In the light of the above, chatbots and to some extent robo-advisors are able to take some supporting responsibilities like checking your account balance, making simple transfers and purchases, etc. A chatbot can really replace a human support or call center employee, if you do not expect the bot to take complex decisions instead of you. At this stage, a decent bot can deal even with more sophisticated tasks such as analyzing your monthly expenditures and providing basic suggestions like which bills you should cover first and which one can be delayed for a while.

A woman is holding a smartphone in front of her laptop.
Financial and banking chatbots are gaining momentum. They still cannot perform complex transactions.

 

Even the most publicized banking bot recently, MyKAI by Kasisto, cannot deal with complex banking and finance transactions, though. Its software is able to learn based on your actions and transaction history but effectively it replaces only the personal visit to a bank office and is just a more sophisticated online banking interface.

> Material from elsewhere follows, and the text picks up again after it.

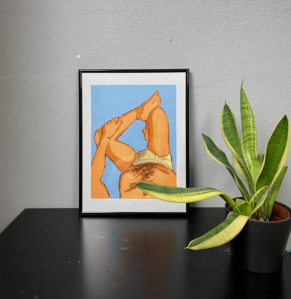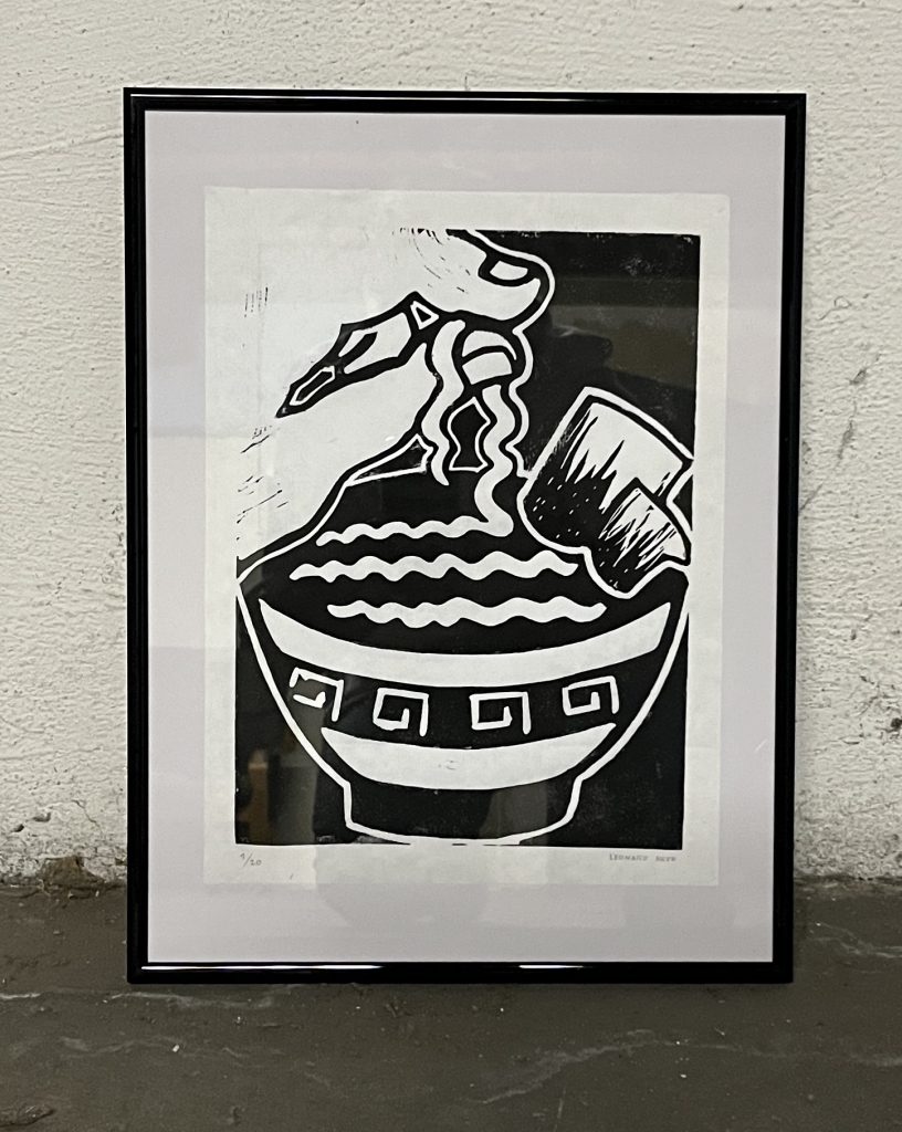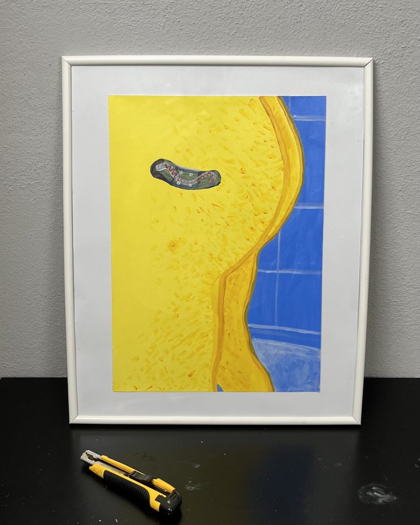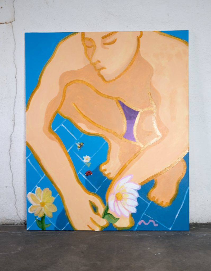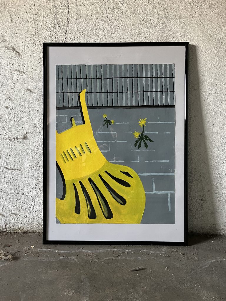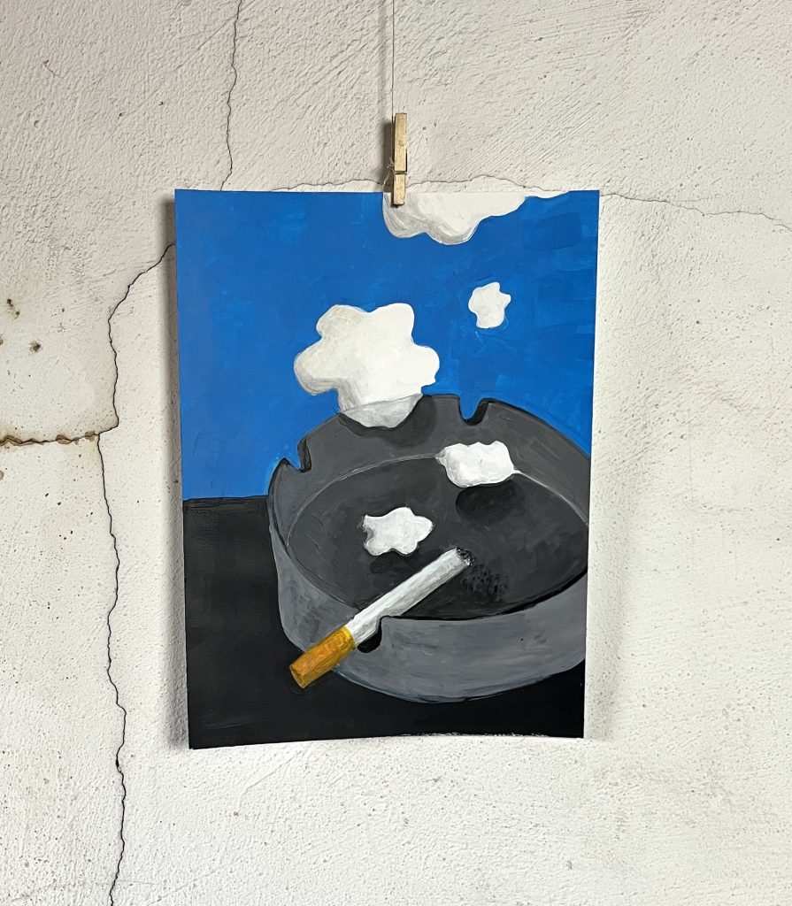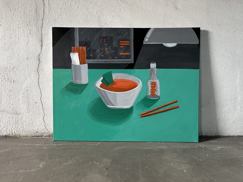 Dinner, 2023 Acrylics on canvas 90 x 70 cmFlower picking, 2024 Acrylics on canvas 100 x 110 cmI recently quit smoking, what you see are clouds, 2024 Acrylics on paper 36 x 48 cmSoup, 2024 Linocut print on paper 24 x 32 cmSome flowers and a chair, 2024 Acrylics on paper 56 x 42 cmHealing, 2022 Acrylics on paper 29,7 x 42 cmPants, 2022 Acrylics on paper 24 x 32 cm
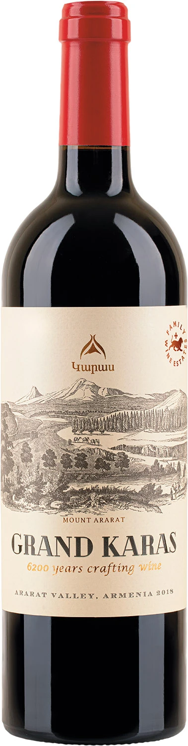 Najwyższej klasy wino z armeńskiej winnicy Karas, najpełniej oddające charakterystykę tutejszego terroir. Bazuje na najlepszych i starannie selekcjonowanych gronach głównie Syrah, uzupełnionych Cabernet Franc i Montepulciano. Dojrzewało przez 14 miesięcy w beczkach z dębu ormiańskiego i francuskiego, a następnie kolejny rok w butelce. Piękna, głęboka, rubinowa barwa. Bogaty bukiet, pełen nut czerwonych owoców, różowego pieprzu i ziół. W smaku złożone i eleganckie. Pełne ciało, miękka, wygładzona tanina i długi finisz. Idealne do twardych serów i pieczonych mięs. To wino o dużej złożoności i potencjale, stworzone przez głównego winiarza Gabriela Rogela przy konsultacji znanego, francuskiego enologa Michela Rollanda. Grand Karas reprezentuje ormiańskievdziedzictwo, łącząc starożytne tradycje z nowoczesnymi technikami winiarskimi.

The banks can take advantage of chatbots to reduce their payroll and eliminate traditional automated voice response systems but they still cannot rely on chatbots to perform much more than support functions. The same applies to their clients who look for more advanced finance and investing services.

Humans vs Algorithms

More advanced services may include investment advice or buy/sell advice based on market-, company-, or stock analysis. Software is already good in performing such tasks and there is where the future of robo-advisors, trading robots and financial chatbots lies.
Provided that such software is equipped with reliable and well-designed algorithms, it can be a good substitute for the traditional human investment advisors that are not quite affordable to the average household. Actually, such a tool eliminates tons of manual work performed by investment brokers in the past allowing any investor to make fast and rational investment decisions.

A man is taking notes in his notebook in front of a laptop.
Humans make better strategic investment decisions than any software.

 

A robot or a chatbot cannot make investment decisions outside its programmed actions that are based on algorithms. Humans can. Chatbots and investment robots have still a long way to go before they can demonstrate even average intelligence in terms of strategic investment decisions. They might be good in automated trading or instant analysis of tons of information but are no replacement for human investors, nor will be in the foreseeable future.